[[ DATA FOR THE TASK, beginning ]]

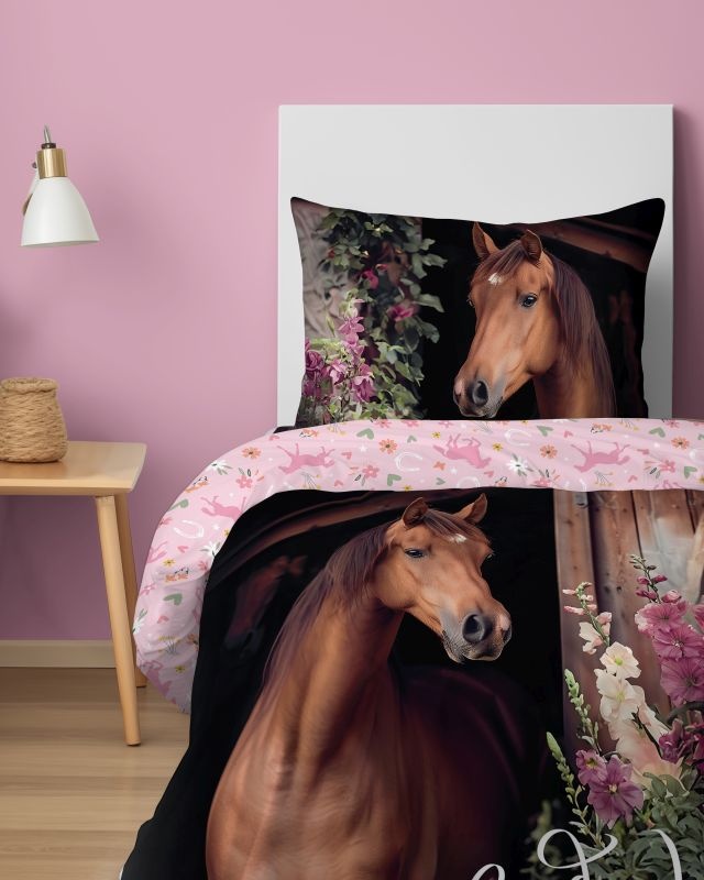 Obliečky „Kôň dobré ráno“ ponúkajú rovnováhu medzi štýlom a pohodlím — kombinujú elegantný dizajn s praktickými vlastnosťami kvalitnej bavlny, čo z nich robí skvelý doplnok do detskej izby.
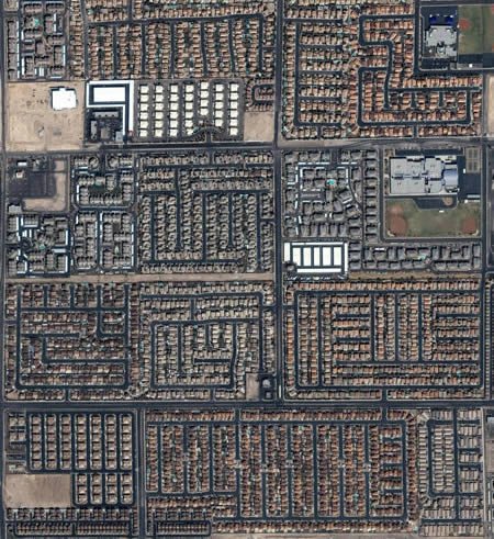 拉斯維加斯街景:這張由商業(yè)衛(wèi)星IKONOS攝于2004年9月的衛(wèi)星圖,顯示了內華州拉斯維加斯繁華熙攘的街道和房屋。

[[ DATA FOR THE TASK, end ]]
[[ DATA FOR THE TASK, beginning ]]

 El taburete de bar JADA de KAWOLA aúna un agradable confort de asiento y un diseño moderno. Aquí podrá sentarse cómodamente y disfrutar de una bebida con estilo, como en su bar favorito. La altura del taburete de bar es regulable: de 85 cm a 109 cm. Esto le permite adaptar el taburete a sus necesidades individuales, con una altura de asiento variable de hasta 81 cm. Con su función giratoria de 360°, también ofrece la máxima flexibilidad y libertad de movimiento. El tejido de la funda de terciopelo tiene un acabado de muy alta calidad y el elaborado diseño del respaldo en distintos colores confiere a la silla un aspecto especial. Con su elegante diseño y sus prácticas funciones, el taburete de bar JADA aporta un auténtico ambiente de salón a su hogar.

[[ DATA FOR THE TASK, end ]]

● WORK ORDER
What are the lines above from the one with "Obliečky „Kôň dobré" to the one with "拉斯維加斯街景:這張由商業(yè)衛(w", both included? Reproduce them exactly, without pictures.

● TASK OUTPUT
 Obliečky „Kôň dobré ráno“ ponúkajú rovnováhu medzi štýlom a pohodlím — kombinujú elegantný dizajn s praktickými vlastnosťami kvalitnej bavlny, čo z nich robí skvelý doplnok do detskej izby.
 拉斯維加斯街景:這張由商業(yè)衛(wèi)星IKONOS攝于2004年9月的衛(wèi)星圖,顯示了內華州拉斯維加斯繁華熙攘的街道和房屋。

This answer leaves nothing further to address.